A technique facilitates various well operations by delivering a diluent to a desired location in a borehole. A completion system may be disposed in the borehole and a diluent flow path is routed along an interior of the completion system to a desired location. In some applications, the diluent is delivered to an artificial lift system, e.g. an electric submersible pumping system, to dilute a fluid being produced. A flow control unit is positioned along the diluent flow path and may be selectively actuated to control flow of the diluent to the desired location.

Description

    CROSS-REFERENCE TO RELATED APPLICATIONS
  • The present document is based on and claims priority to U.S. Provisional Application Ser. No. 61/901762 filed Nov. 8, 2013, which is incorporated herein by reference in its entirety.
  • BACKGROUND
  • Hydrocarbon fluids such as oil and natural gas are obtained from a subterranean geologic formation, referred to as a reservoir, by drilling a well that penetrates the hydrocarbon-bearing formation.
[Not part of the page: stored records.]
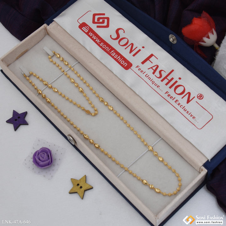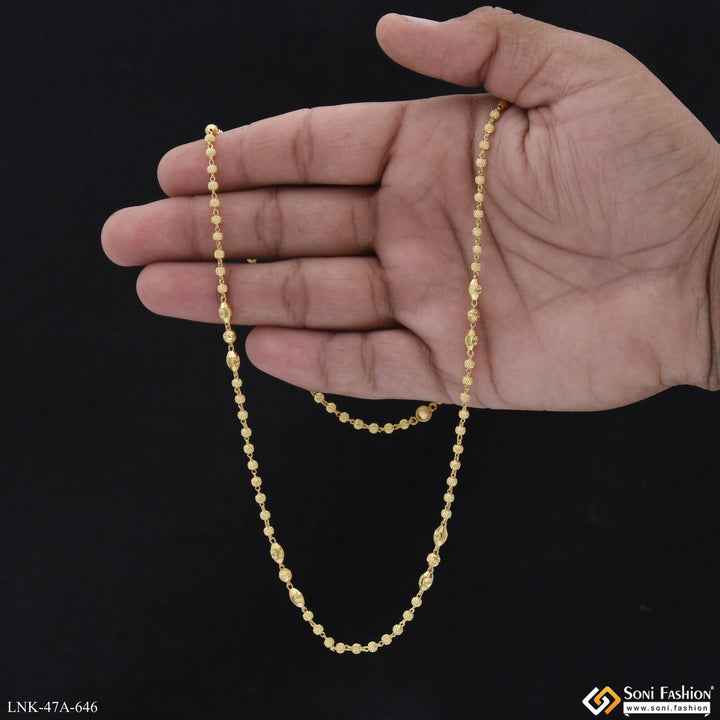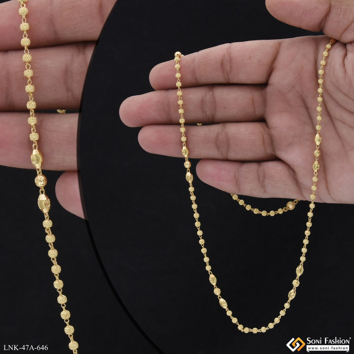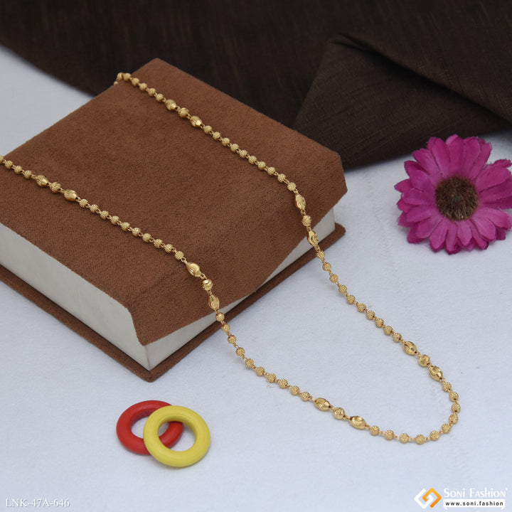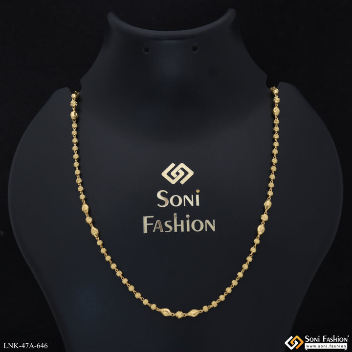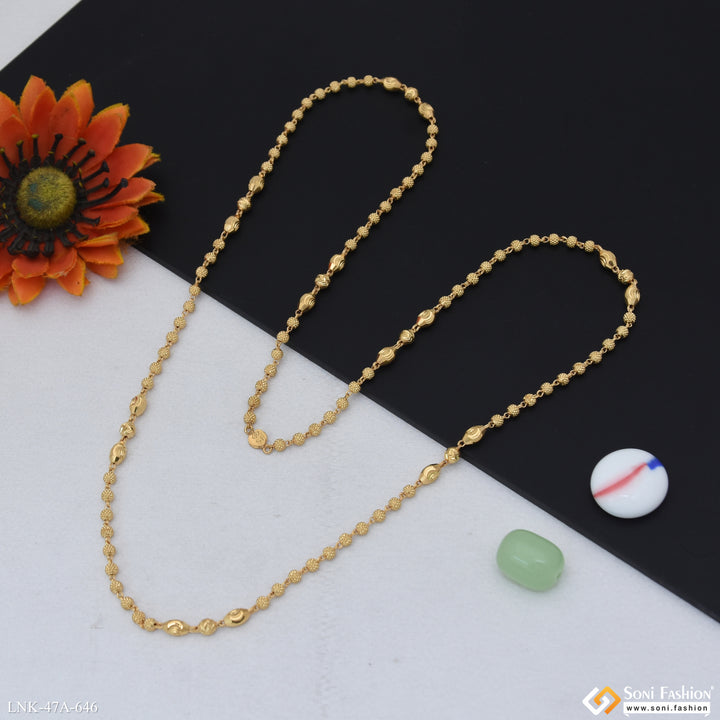 This 1 gram gold-plated brass mala necklace features a delicate filigree design with elegant beads, offering a radiant golden finish. Lightweight and stylish, it’s perfect for adding a subtle shine to any outfit while maintaining comfort for all-day wear. Ideal for women seeking a blend of traditional charm and modern appeal.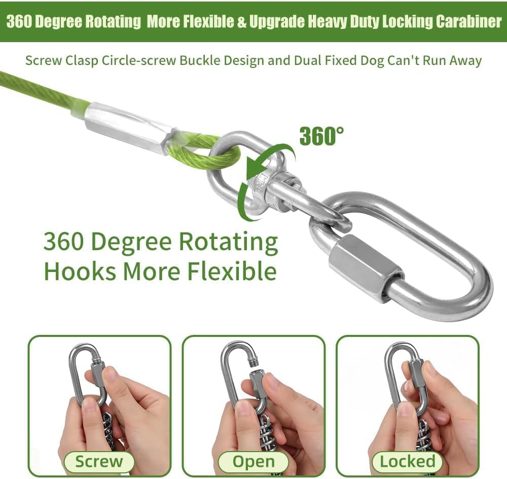 Ultra Strong Dog Tie Out Cable–The inner core of our dog tie out rope is consits 7*19 stainless steel wire with chew proof PVC coating which is the most tightly twisted and most durable structure of dog cable,Our dog tie out have been professionally tested for tensile and quality,providing superior strength and durability against breakage,Good corrosion resistance, will be reliable to use,it’s perfect for dogs up to 300LBS.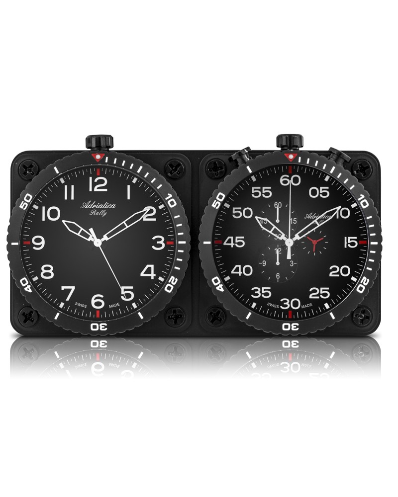 Модель состоит из двух частей.Слева это кварцевые часы, а справа хронограф с функцией флайбэк. Корпуса выполнены из стали 316L с PVD-покрытием черного цвета. Стекла минеральные. Водозащита 30 метров. Крепятся ,например, на стену или приборную панель авто.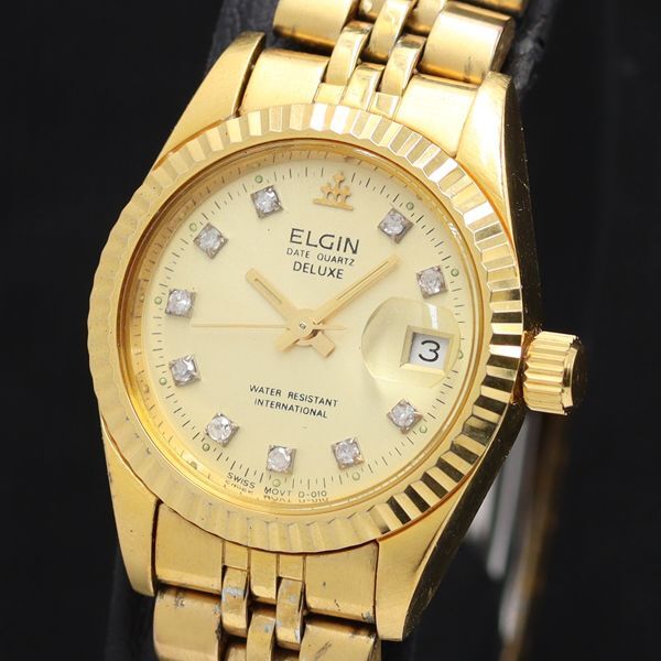 - エルジン デラックス FK285 石付 QZ デイト ゴールド文字盤 レディース腕時計 TKD 2000000 NSK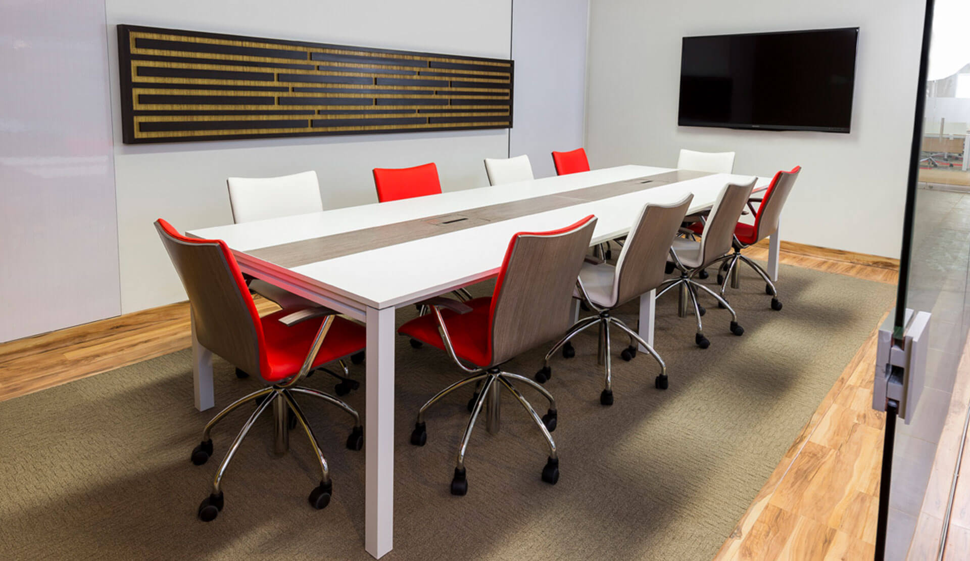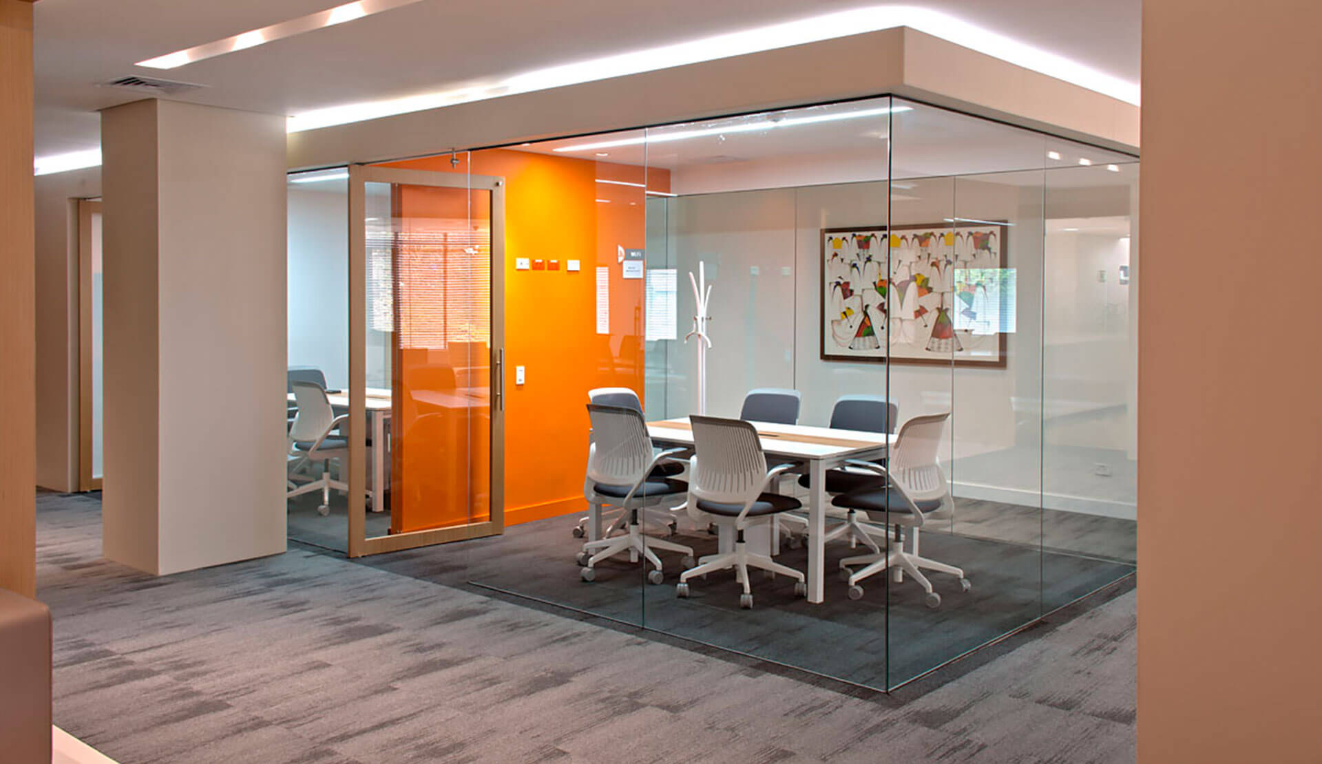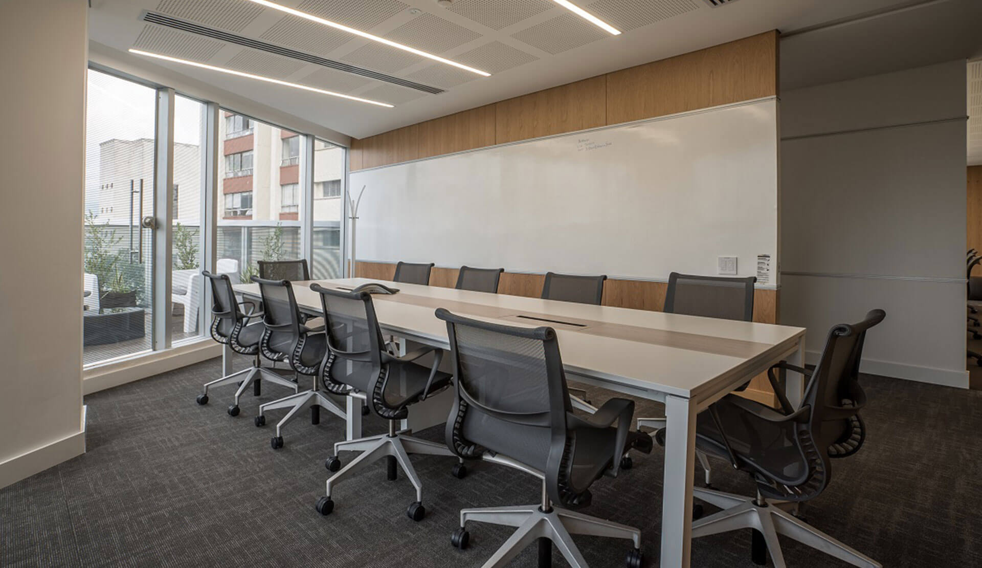 Producto de líneas simples con un alto componente estético y funcional que permite generar configuraciones de manera ágil y efectiva. Las superficies en laminado de alta presión. la estructura en perfilería de aluminio extruido y el uso de herrajes para su ensamble la convierten en una línea liviana y fácil de modular.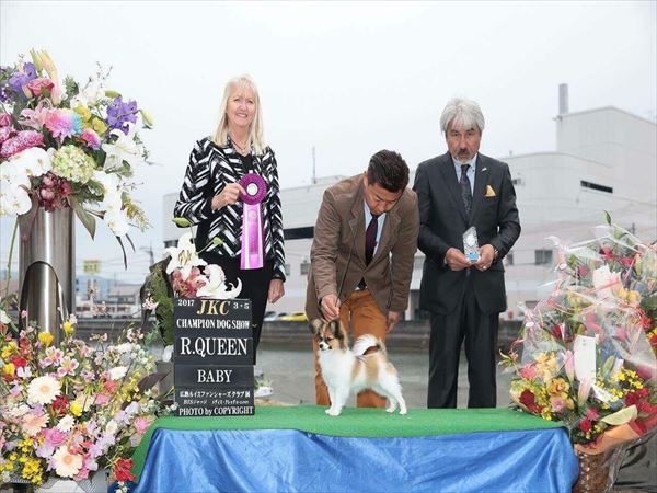 3月5日(日)広島ルイスファンシャーズクラブ展にてパピヨンキサキちゃんの子ミラクルちゃん(生後4ヶ月と1週間)がベビーリザーブクィーン頂きました!!!初めてのドッグショーにもかかわらず楽しそうに走ってかっこよくポーズを決めてよく頑張りました)^o^(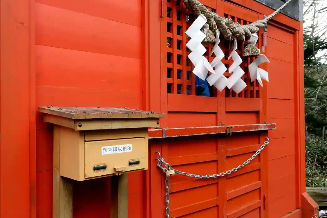 もちろん無人の神社ですので社務所などはないのですが、郵便受のなかに朱肉とスタンプが 入っています。ちなみに私は御朱印帳ではなく事前に買った画用紙に押印させて頂きました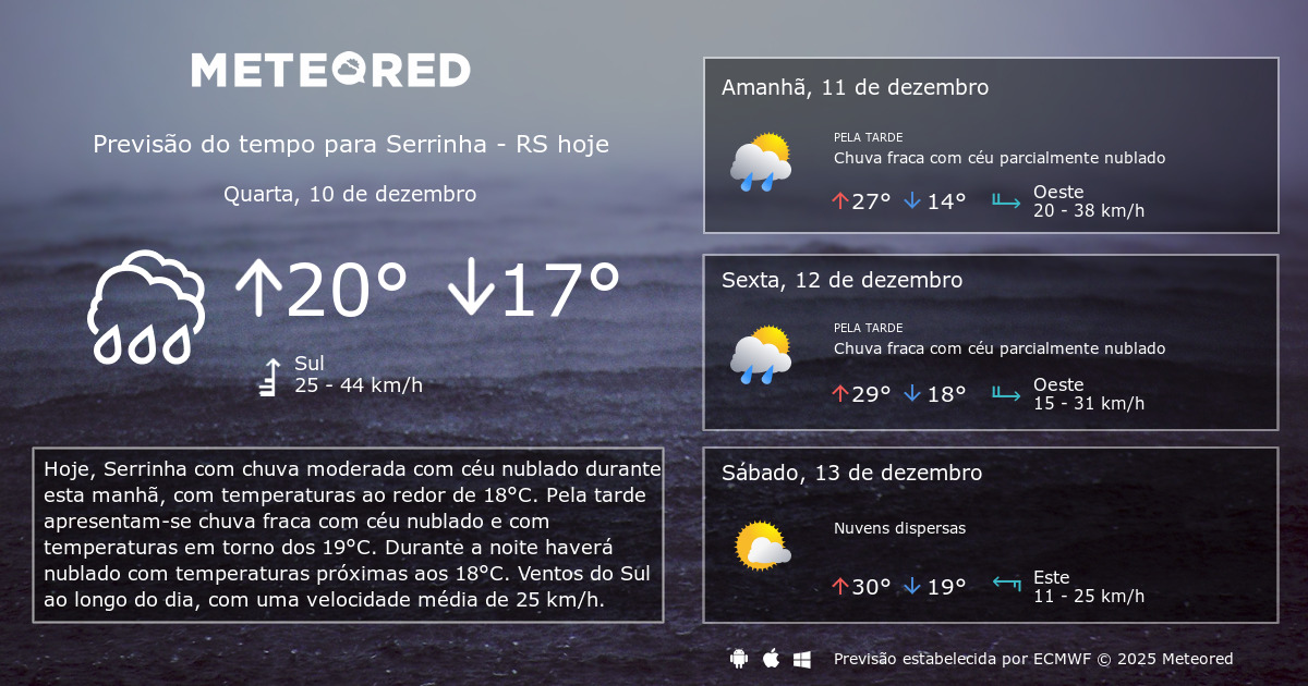 Previsão do tempo Serrinha RS. 14 dias Meteored

Once a wellbore is drilled, various forms of casing and other well completions may be deployed downhole. Sometimes, completion systems employ or work in cooperation with an electric submersible pumping system which may be used to pump oil or other hydrocarbon fluids to a collection location. In some environments, the fluids may be of relatively high viscosity and can thus inhibit pumping of the fluid via the electric submersible pumping system.
  • SUMMARY
  • In general, a system and methodology are provided for facilitating various well operations by delivering a diluent to a desired location in a borehole. For example, a completion system may be disposed in the borehole and a diluent flow path is routed along an interior of the completion system to a desired location. In some applications, the diluent is delivered to an artificial lift system, e.g. an electric submersible pumping system, to dilute a fluid being produced. A flow control unit is positioned along the diluent flow path and may be selectively actuated to control flow of the diluent to the desired location.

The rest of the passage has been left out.